I witnessed something a while ago – over two years ago actually – and it has stuck in my head ever since then. I was riding the bus into town, on the top level of a double decker. There was a girl one seat behind me, who was listening to music on her headphones. She was one of those people who cranks their music way way up, so that the entire room (or bus) can hear the tinny blare of whatever you’re listening too. It wasn't good music either, Britney Spears or something, as I recall. Yes, it was annoying, but I’m not a confrontational person, so I did my best to ignore it.
At one point in the middle of the bus ride, I looked up from my book to see a guy in the opposite aisle gesturing at me. Instantly I was on my guard. He was scruffy looking, unwashed even. I assumed he was mentally...different, since I seem to attract these sorts of people like a magnet. I continued to ignore him, and he continued to lean forward in his seat, crazy eyes wide, and mouth words at me. Well, it took me awhile to sort it out, but I finally realized, he wasn’t aiming his attentions at me. The situation was this: Possibly crazy man at the front of the bus is angrily trying to get Britney Spears playing girl to turn her music down. Or off, I wasn't sure what all the crazy gesturing meant exactly.
The thing was, I was caught right in between all the drama, since I was sitting right in front of the girl. As I watched, he proceeded to lean out of his seat and hiss at her, scribble furious notes and throw them at her and call her a million horrible names. At one point, he even stormed down the aisle and leaned right in her face, shoving his note into her hands. What did the girl do in this situation? She ignored him. Kept her headphones in and acted like none of this was happening.

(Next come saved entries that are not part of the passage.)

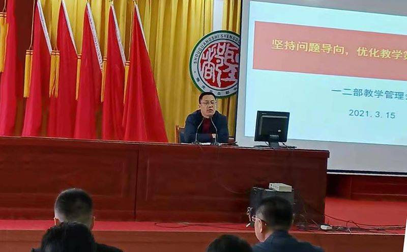 郎旭军“新高考命题的基本认识与启示,坚持问题导向、提高备考精度,认清形势、积极转变,明确思路、提档升级”等四大方面,对复习策略方法做了科学细致安排并重点强调了规划、团队与落实的重要性,要求老师们调整心态,坚持问题导向,明确教学思路,及时有效展开二轮复习。
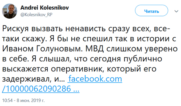 И дальше у них лишь два пути – либо садиться самим (попутно нанеся очередной мощный удар по "чести мундира" и дополнительно "раскачав лодку"), либо давить до последнего и всеми правдами-неправдами сажать Голунова (с привлечением всего пропагандонского админресурса)...
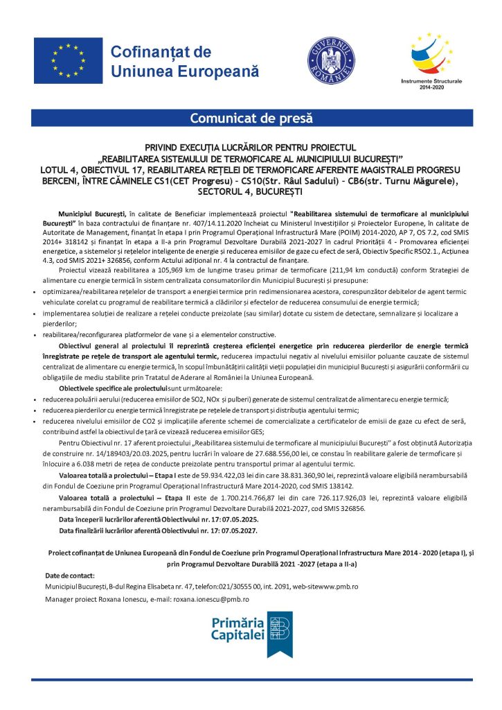 LOTUL 4, OBIECTIVUL 17, REABILITAREA REȚELEI DE TERMOFICARE AFERENTE MAGISTRALEI PROGRESU
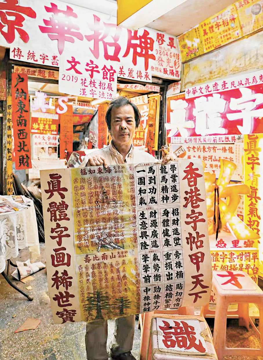 香港招牌製作師傅歐陽昌被尊稱為「文字師」,他以北魏體作變體的真體字書法而著名,同時亦發明仿石紋物料發光彩。若要追溯的話,已經是40多年前,那時候的歐陽昌年輕,來到香港便以字謀生,店舖於北角駐紮長年。早年歐陽昌的字畫店以招牌為主,全盛時期有工廠,員工亦有30來位,可見全然是一種商業運作。據網上資料看來,直至2020年時全港仍有過千招牌出自他手筆,可見規模之大。近些年店舖沒有了,說來可惜,但其實也不過是一種社會發展的自然流失罷了。爾後歐陽昌遷往元朗,中間有有心人要他出山到上水一間店舖寫字、寫揮春,但中間幾經波折,亦因不堪經營又再作罷。
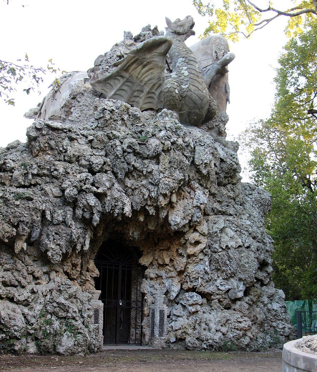 Francesco I de’ Medici, Grand Duke of Tuscany, used to sit inside the head and fish through one of the eye slits. At night, with torches burning inside, the eyes glowed in the dark…
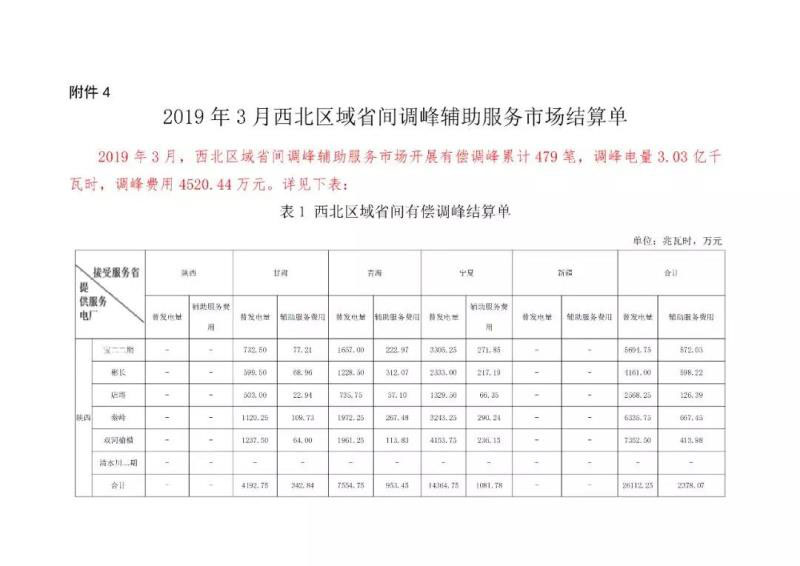 2019年3月,西北區(qū)域省間調(diào)峰輔助服務(wù)市場開展有償調(diào)峰累計479筆,調(diào)峰電量3.03億千瓦時,調(diào)峰費用4520.44萬元。
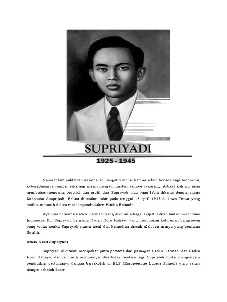 Biografi dan Profil Supriyadi - Pahlawan Nasional dari Blitar - Biografi.org
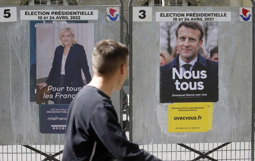A man walks past official campaign posters of Marine Le Pen Emmanuel Macron

Now you may ask, what does this have to do with rape culture? I’ll tell you. This girl, whoever she was, was obviously taught the same thing that every girl is taught. Ignore him, he’ll go away. Don’t make a fuss. Don’t make a scene. Don’t overreact. What she should have done, is take her headphones off and ask him exactly what his problem was. If necessary, report him to the bus driver and have him thrown off the bus. Instead, she didn’t move. She didn’t even move seats. It makes me think hard about how females are taught to handle these situations. Actually, are we even taught to at all? What's prompting this behaviour Why is the correct procedure to "ignore him and he'll go away"? Where did it all start?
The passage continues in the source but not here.